Alignment as a field is hard precisely because we do not expect to see empirical evidence before it is too late.
I don’t think this is the core reason that alignment is hard—even if we had access to a bunch of evidence about AGI misbehavior now, I think it’d still be hard to convert that into a solution for alignment. Nor do I believe we’ll see no empirical evidence of power-seeking behavior before it’s too late (and I think opinions amongst alignment researchers are pretty divided on this question).
I don’t think this is the core reason that alignment is hard—even if we had access to a bunch of evidence about AGI misbehavior now, I think it’d be very hard to convert that into a solution for alignment.
If I imagine that we magically had a boxing setup which let us experiment with powerful AGI alignment without dying, I do agree it would still be hard to solve alignment. But it wouldn’t be harder than the core problems of any other field of science/engineering. It wouldn’t be unusually hard, by the standards of technical research.
Of course, “empirical evidence of power-seeking behavior” is a lot weaker than a magical box.

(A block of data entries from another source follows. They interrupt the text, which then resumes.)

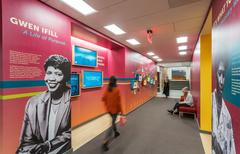 The college is named for one of the University’s most distinguished alumnae, Gwen Ifill and is dedicated to art, language, music, film and contemporary media. The building includes a graphic design studio, computer classroom, computer lab, break out areas and niches, renovated auditorium and administrative offices. There is a large state-of-the-art boardroom that seats over forty people plus the dean’s suite. The main corridor is filled with graphics that display the life and accomplishments from Gwen Ifill’s career.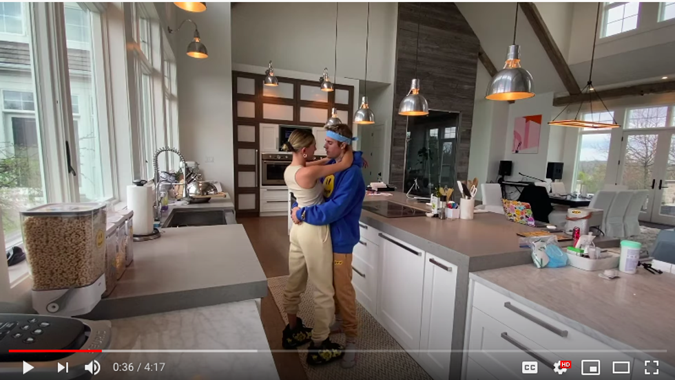 The mushy slow-dance duet (proceeds go to the First Responders Children's Fund) is questionably about wanting to stay in quarantine forever with your honeys ("I'ma get to know you better/ Kinda hope we're here forever," croons Bieber). The video features a collage of fan-submitted clips of regular schmegulars doing cute stuff in quarantine (swaying in prom dresses, cuddling with dogs, blowing out birthday candles etc.) in their normal people homes. Sprinkled in are celebrities like Joan and Frankie Grande, Chance the Rapper, Kylie Jenner, Kaia Gerber and Jaden Smith hanging out in mansions (please clock the Biebers' massive Drew-branded Cheerios dispenser).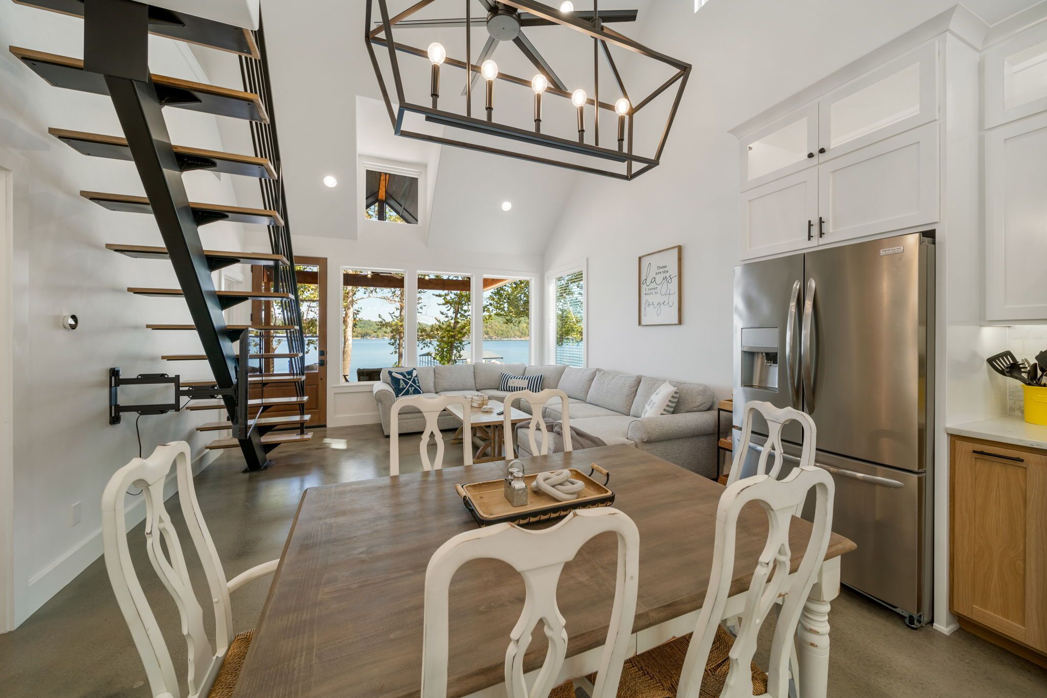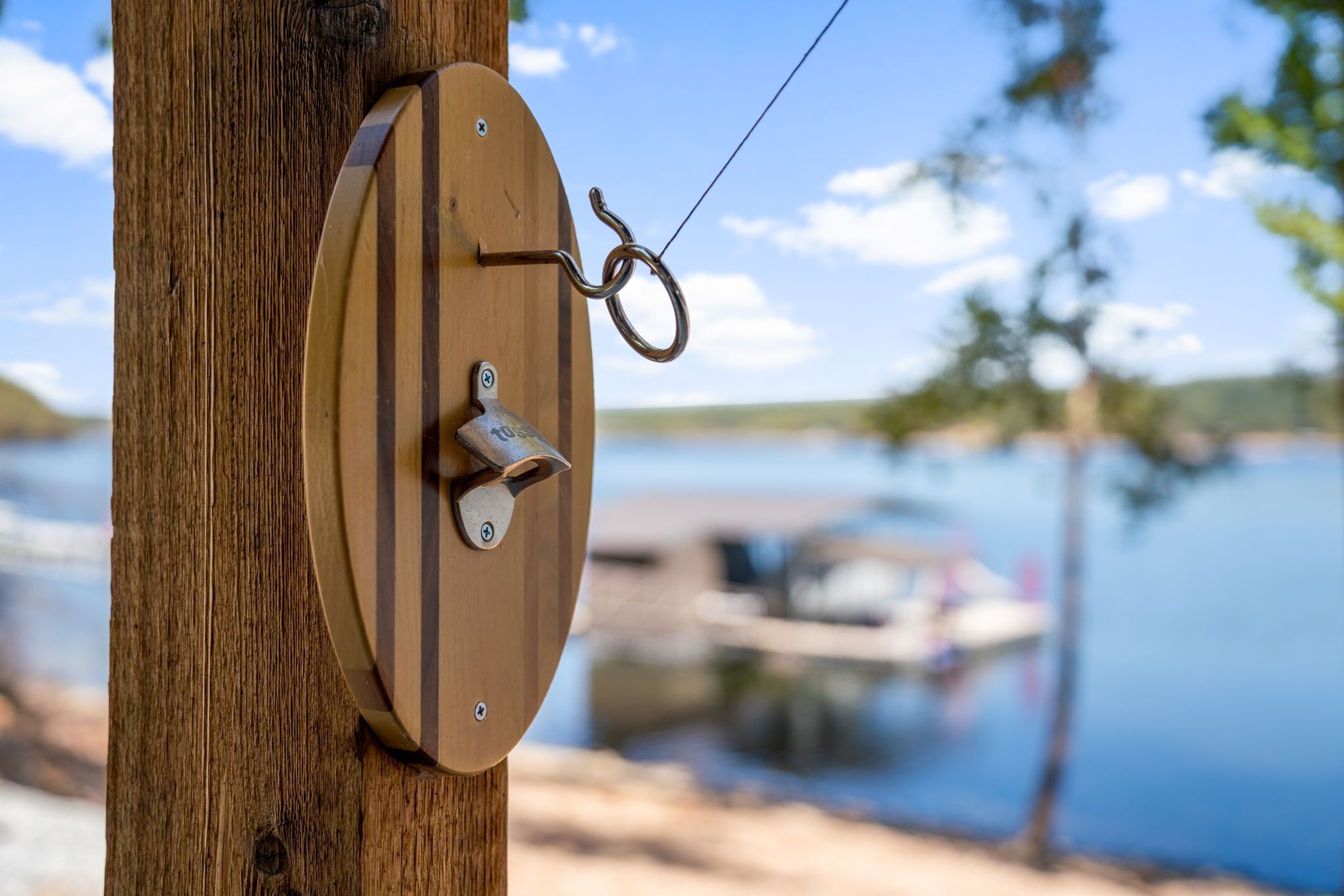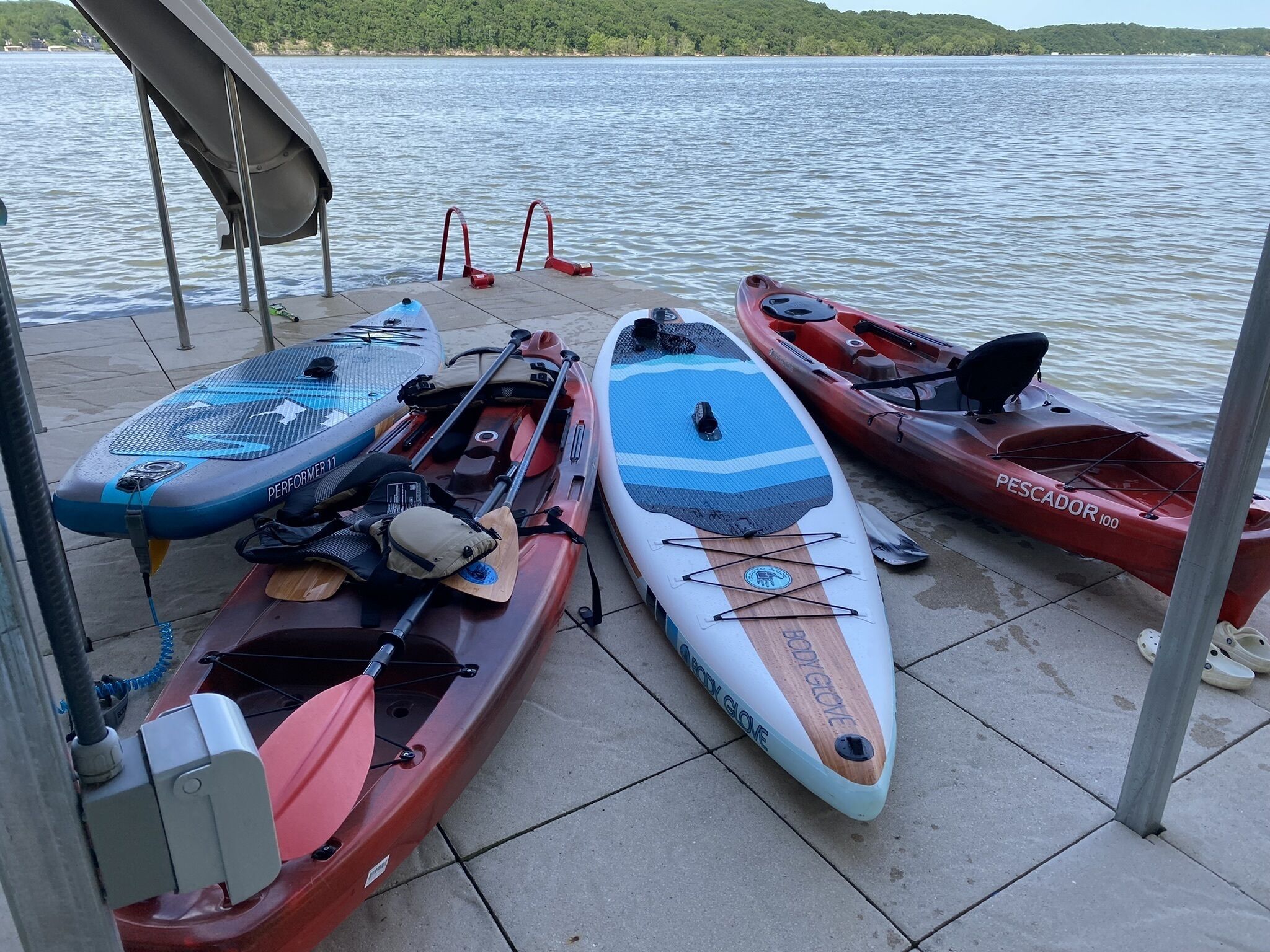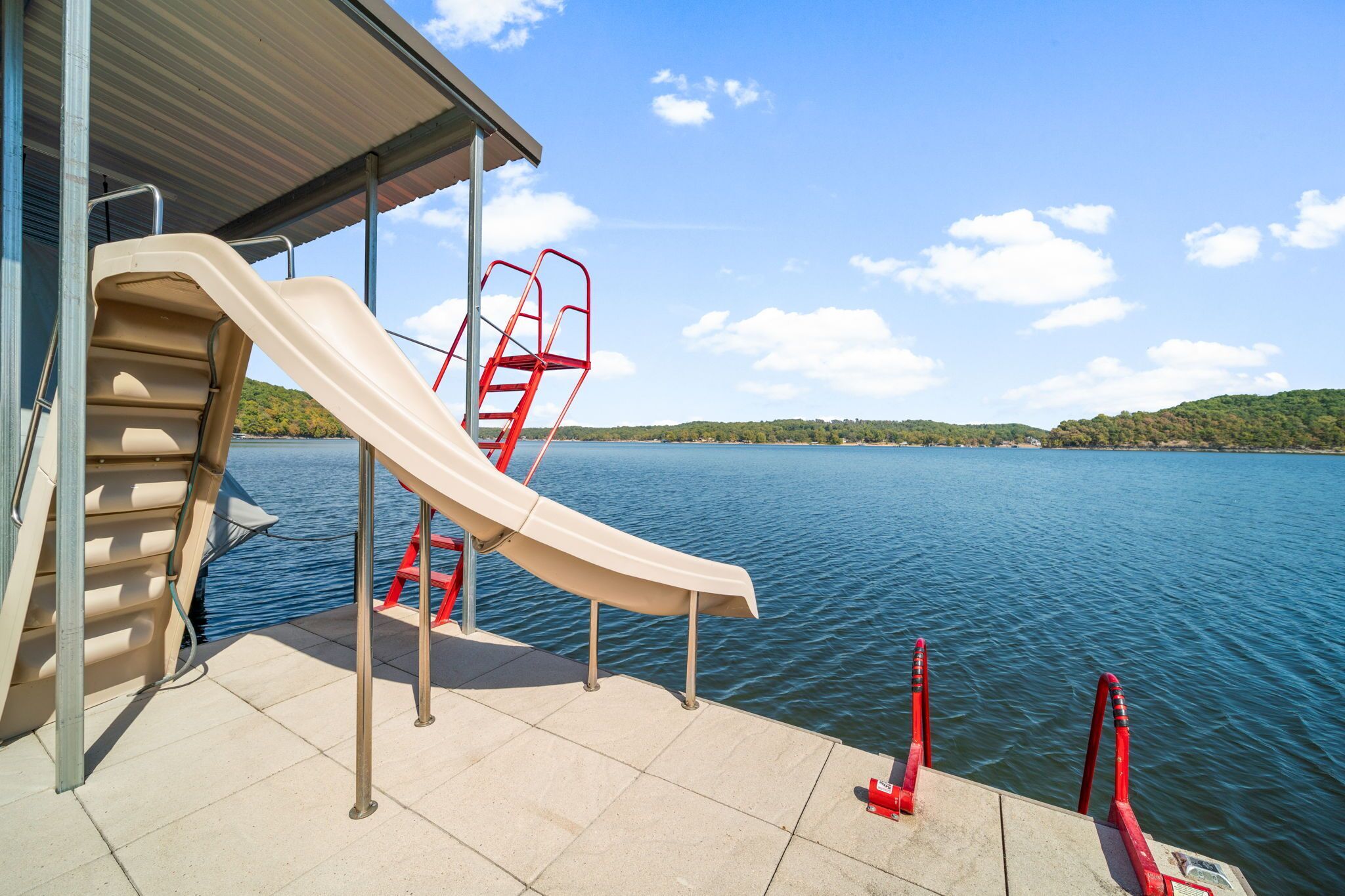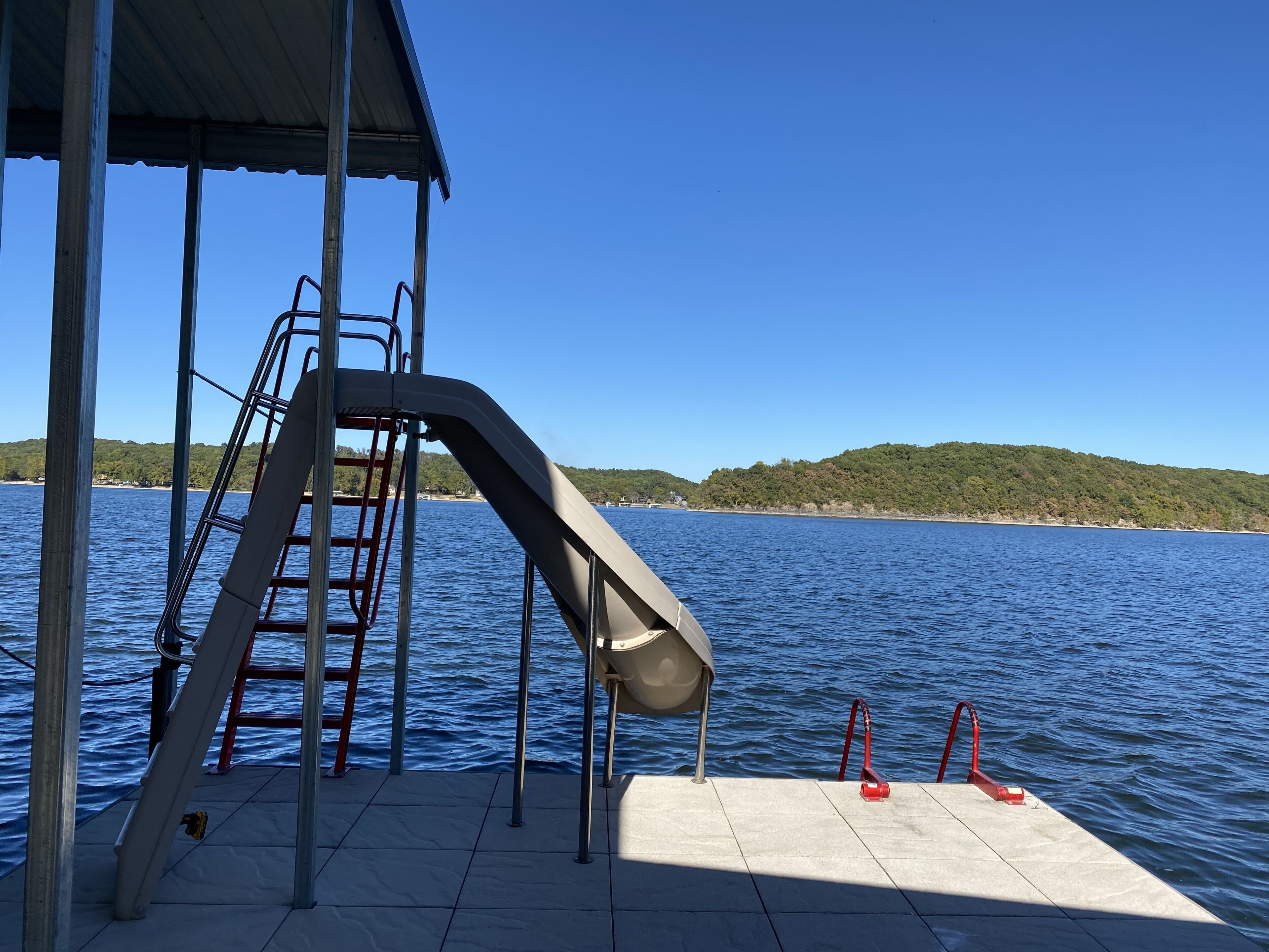 Grand Lake Waterfront Grand Lake O’ the Cherokees waterfront paradise. Located on Drowning Creek, just 5 miles east of Disney enjoy all the amenities we have to offer. Boat dock to tie up, swim deck, water slide, high dive, kayaks, paddle boards and fish cleaning station. This property has a gentle slope to water, outdoor shower, fire pit and patio to enjoy the amazing views! This is a brand new build. Enjoy all of the 46,500 acres of water or rock climbing and trail riding below the dam. If there is a weekend or weekday that you are interested in that is not available please contact us.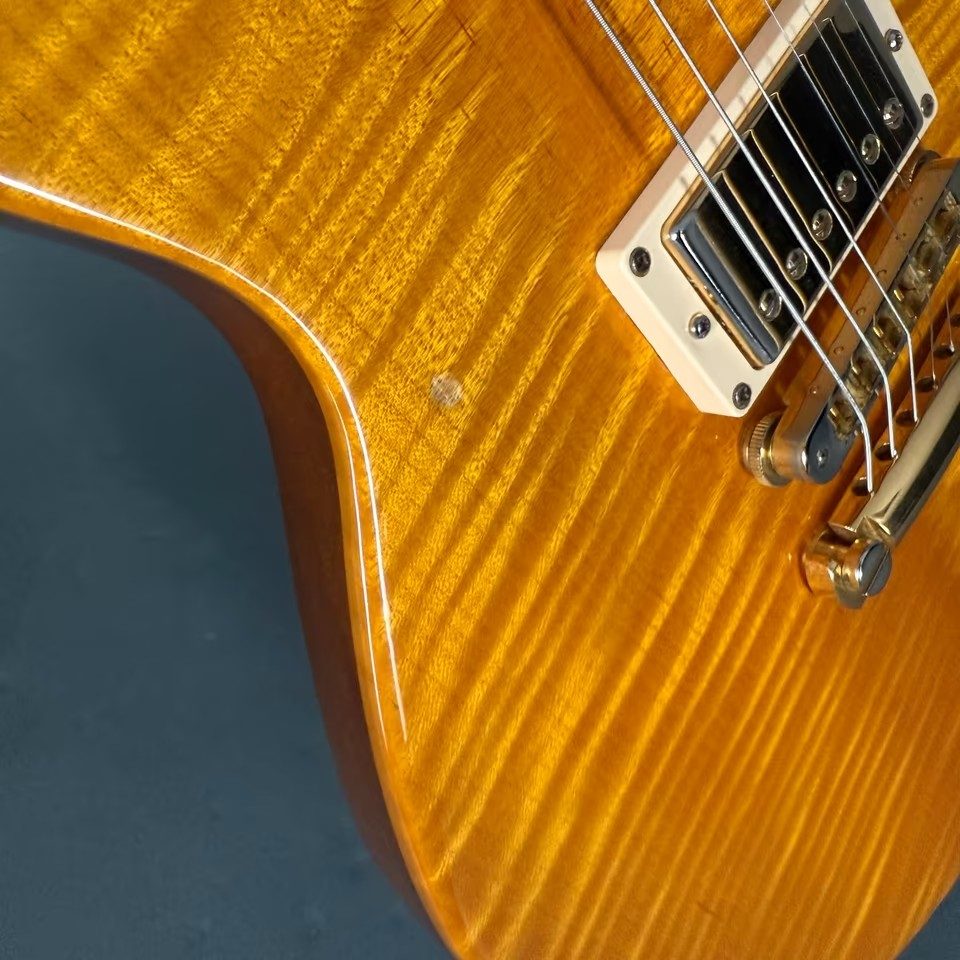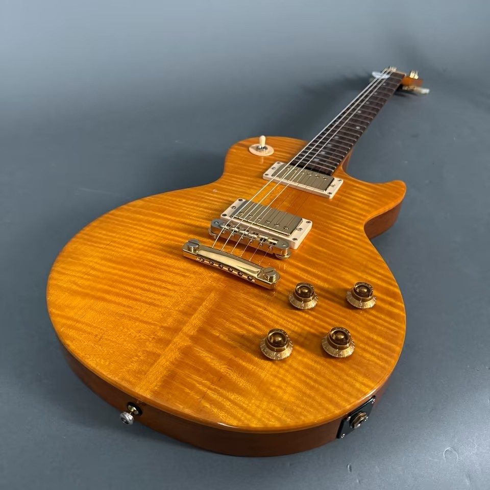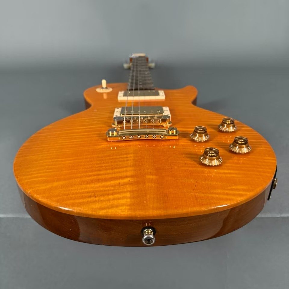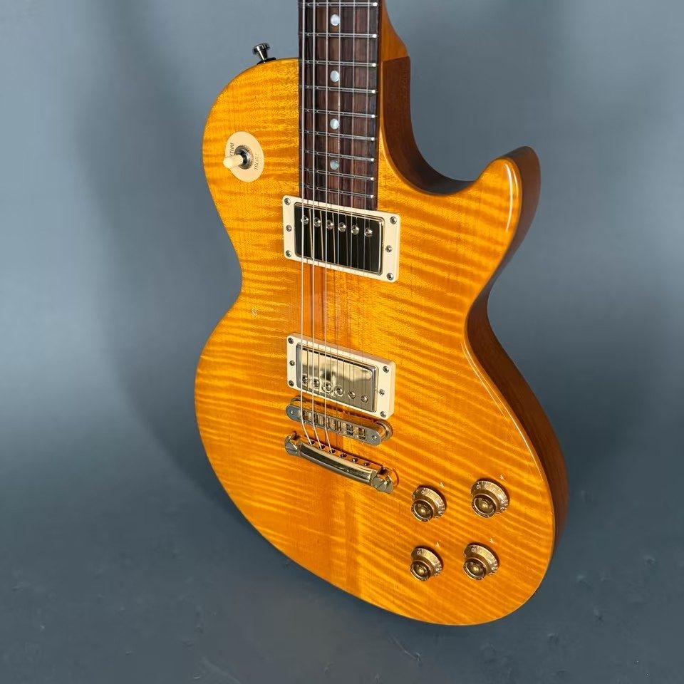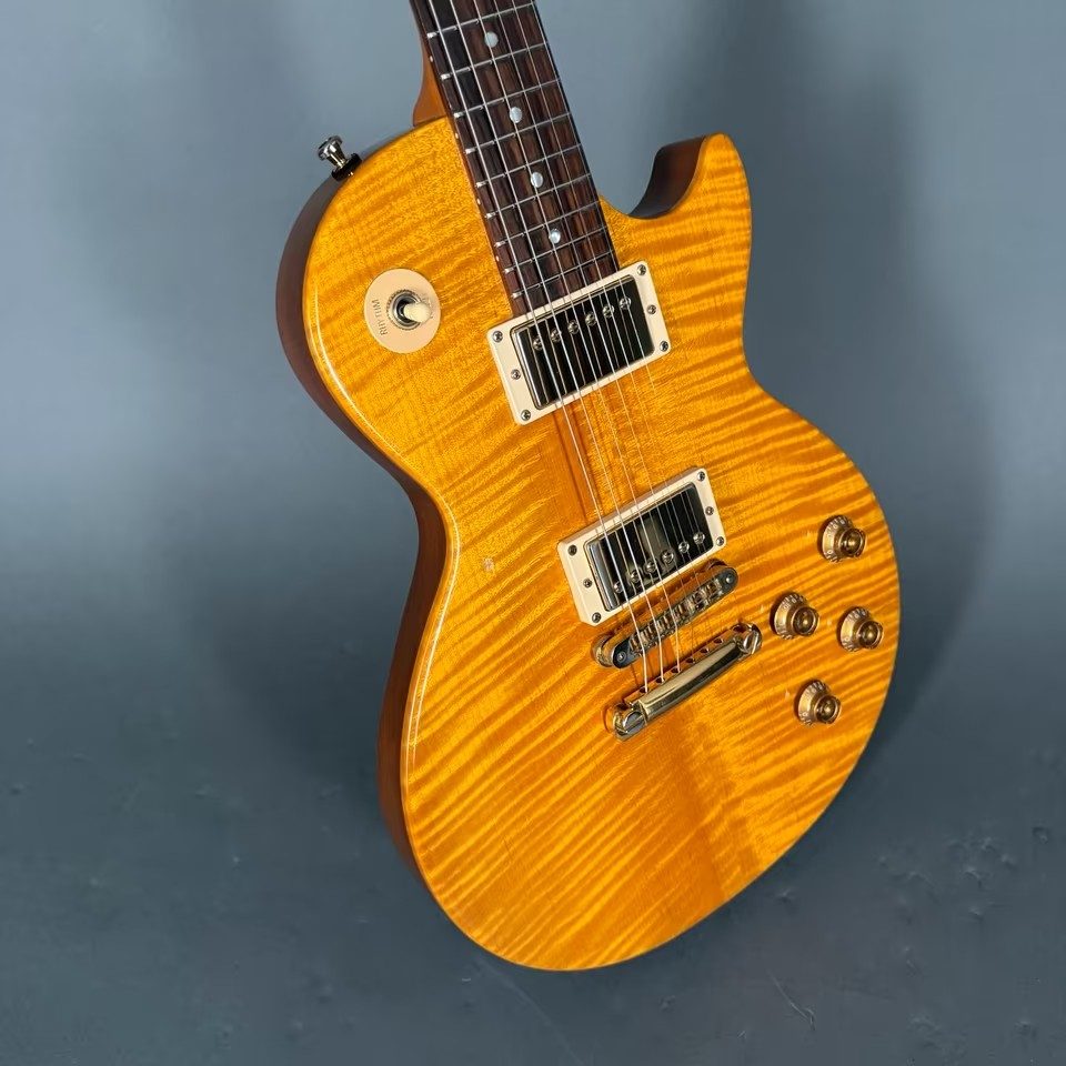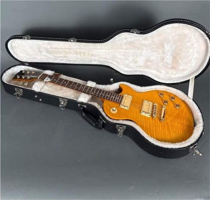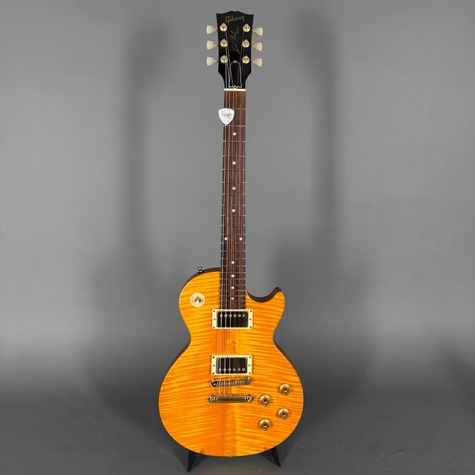 Dieses Modell hat einen schlankeren Mahagonikorpus und eine wunderschön gemaserte Maple Decke und ist mit goldfarbener Hardware und 2 Gibson Humbuckern (490T/490R) ausgestattet..

With only that level of empirical evidence, most of the “no empirical feedback” problem would still be present. More on that next.
Nor do I believe we’ll see no empirical evidence of power-seeking behavior before it’s too late (and I think opinions amongst alignment researchers are pretty divided on this question).
The key “lack of empirical feedback” property in Goodhart, deceptive alignment, hard left turn, get what you measure, etc, is this: for any given AI, it will look fine early on (e.g. in training or when optimization power is low) and then things will fall apart later on. If we are lucky enough to be in a very-slow-takeoff world, then an empirically-minded person might still notice that their AIs keep falling apart in deployment, and conclude that alignment is a problem. I don’t put very high probability on that (partly because of the very-slow-takeoff assumption and partly because scenarios like getting what we measure don’t necessarily look like a problem with the AI), but I buy it as a basically-plausible story.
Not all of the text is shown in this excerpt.